DEES is a is a _Multiplicity Automata_ (MA) inference algorithm.
This C++ program is about 7,500 lines (10,000 with comments).
The theory behind this algorithm can be found in the following papers:
- [Learning rational stochastic languages (COLT 2006)](http://yann.esposito.free.fr/pub/colt2006.pdf)
A Multiplicity Automaton can be seen as a generalisation of Hidden Markov Models (HMM). See this [paper for more details](http://yann.esposito.free.fr/pub/Links_PA_HMM.pdf).
So mainly DEES is an algorithm that learn both the parameters and the structure of HMM.
And for that it doesn't use an euristic but properties proven to converge.
In fact DEES can generate HMM but also more generic models.
These models are the Multiplicity Automata (mainly, imagine an HMM with some parameter being able to be negative).
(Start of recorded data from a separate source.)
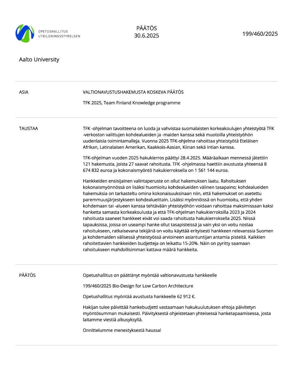 为培养低碳建造与建筑研究领域新兴国际化人才,推动我校与芬兰阿尔托大学在相关学科领域交流互通,芬兰国家教育署批准向该项目拨款62,912 欧元,用于支持两校之间开展教学资源与联合课程开发、师生国际交流、教学方法创新等合作,并通过生物基材料在建筑领域的应用示范,培育学生可持续发展能力。
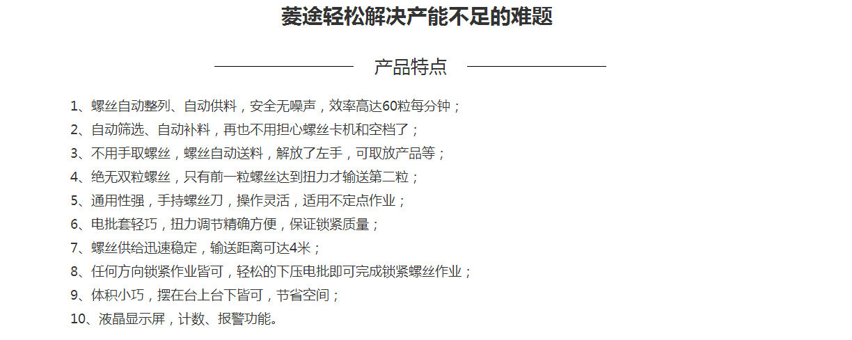 汽車行業(yè):車載遙控器、汽車掛檔手柄、車載DVD等產(chǎn)品適用于該設(shè)備鎖螺絲;
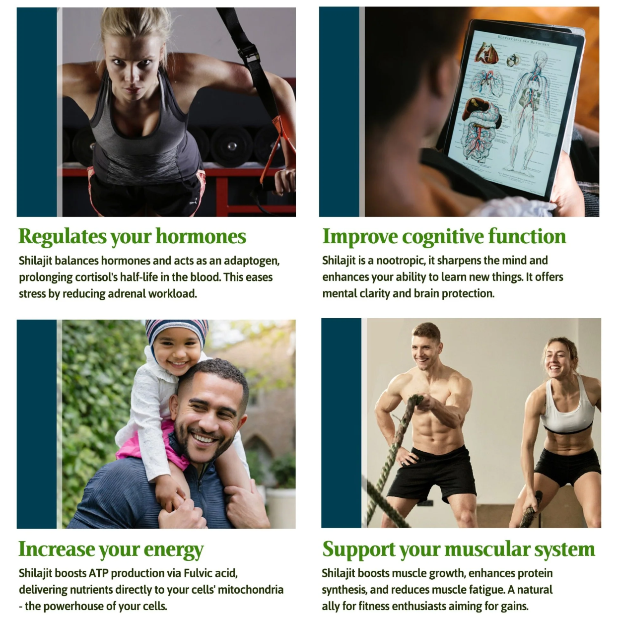 - MUSKELSYSTEMET - Shilajit stödjer muskelväxt, förbättrar proteinsyntesen och minskar muskeltrötthet, vilket gör det till ett effektivt tillskott för träningsentusiaster som strävar efter resultat.
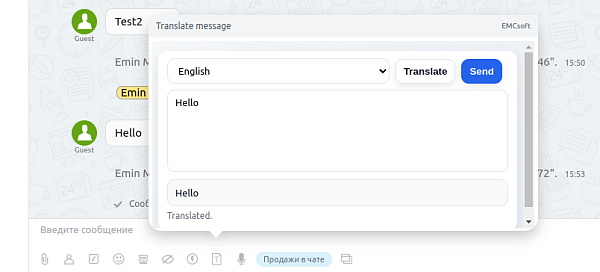 Multilingual support — the agent enables the translator, sends an adapted reply, and the entire conversation is stored in CRM.
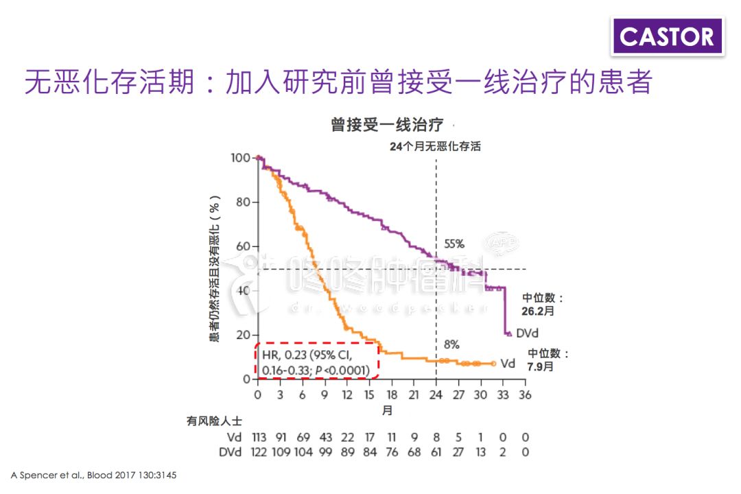 对多发性骨髓瘤患者而言,CASTOR与POLLUX是值得纪念的两个符号,他们奠定了达雷木单抗在治疗中更佳的疗效。CASTOR研究以曾接受过一线或多线治疗的498名多发性骨髓瘤成年患者为研究对象,将患者随机安排接受不同治疗。其中251名被安排接受达雷木单抗、硼替佐米及地塞米松治疗,另外247名则被安排接受硼替佐米及地塞米松单独治疗。硼替佐米及地塞米松为传统药物组合。此研究的首个终点为无恶化存活期,次要终点则为恶化出现时间、整体存活期、肿瘤反应率、肿瘤反应时间等。
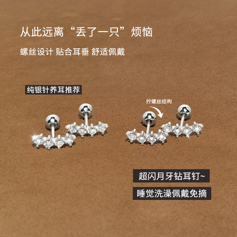 📚 超闪925纯银针耳钉小耳骨钉女高级感轻奢叠戴耳蜗钉耳屏耳骨耳环

It takes a sample of many sequences (or words) generated by a target probability distribution and return a model (a multiplicity automaton) generating a probability distribution as close as possible of the target distribution.
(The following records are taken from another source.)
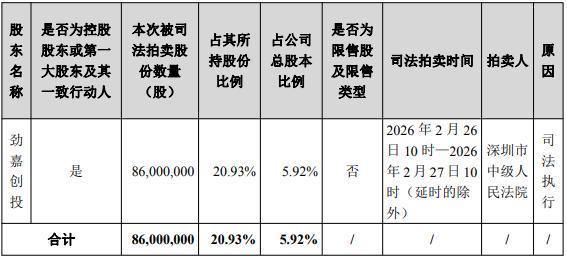 公告表示,劲嘉创投本次被功令拍卖股份数目为86,000,000股,占其所捏股份比例为20.93%,占公司总股本比例为5.92%。功令拍卖时辰为2026年2月26日10时—2026年2月27日10时。
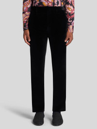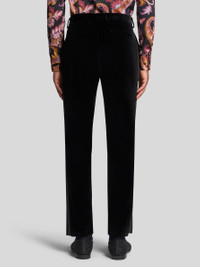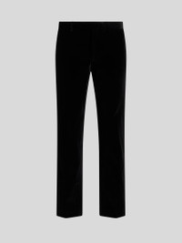 Straight-leg evening trousers with satin side band detail. The rear and side slip pockets complete the garment. • Slim fit • Welt side slip pockets • Rear welt pockets • Hidden closure • Belt loops • Side band detail down the leg • Made in Italy • The model is 6' 1½" (187 cm) tall and wears a size 48 PRODUCT DETAILS • 98% cotton, 2% elastane • Band: 78% silk, 22% polyester
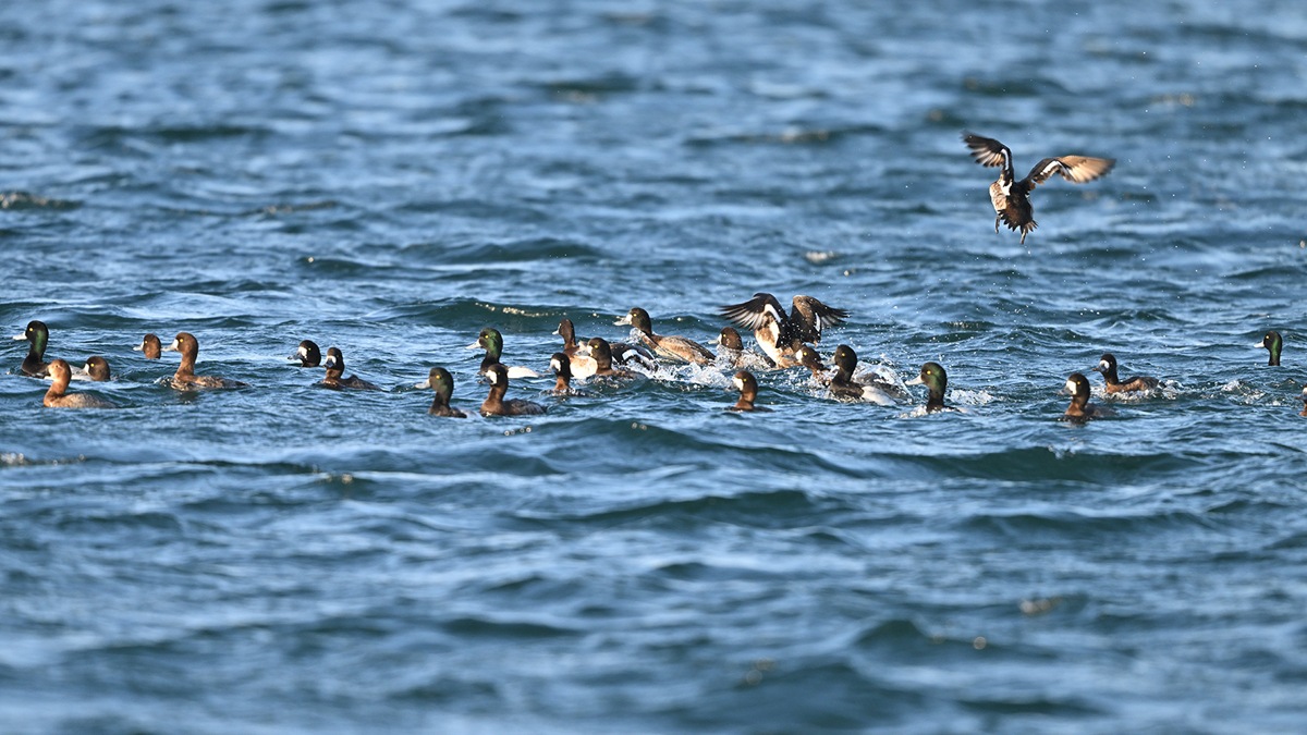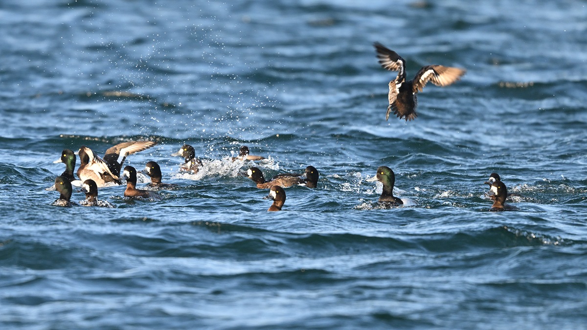 寒波襲来で西風が吹く中うねる波間を泳ぎ回るスズガモ、自然界の中で生き抜くのは厳しいですね。そんな様子を動画に纏めてUpしました。こちらからも参照出来る様に投稿させて頂きます。

We can restric the learned model to be:
- a Multiplicity Automaton
- a Probabilistic Automaton (PA) (another name for Hidden Markov Models - HMM) ; in this case the identified class is the set of Probabilistic Residual Automata (PRA)
- a Probabilistic Deterministic Automaton (PDA)
## Features
The main features of DEES are:
- Multiplicity automata (MA) inference from a sample of sequences.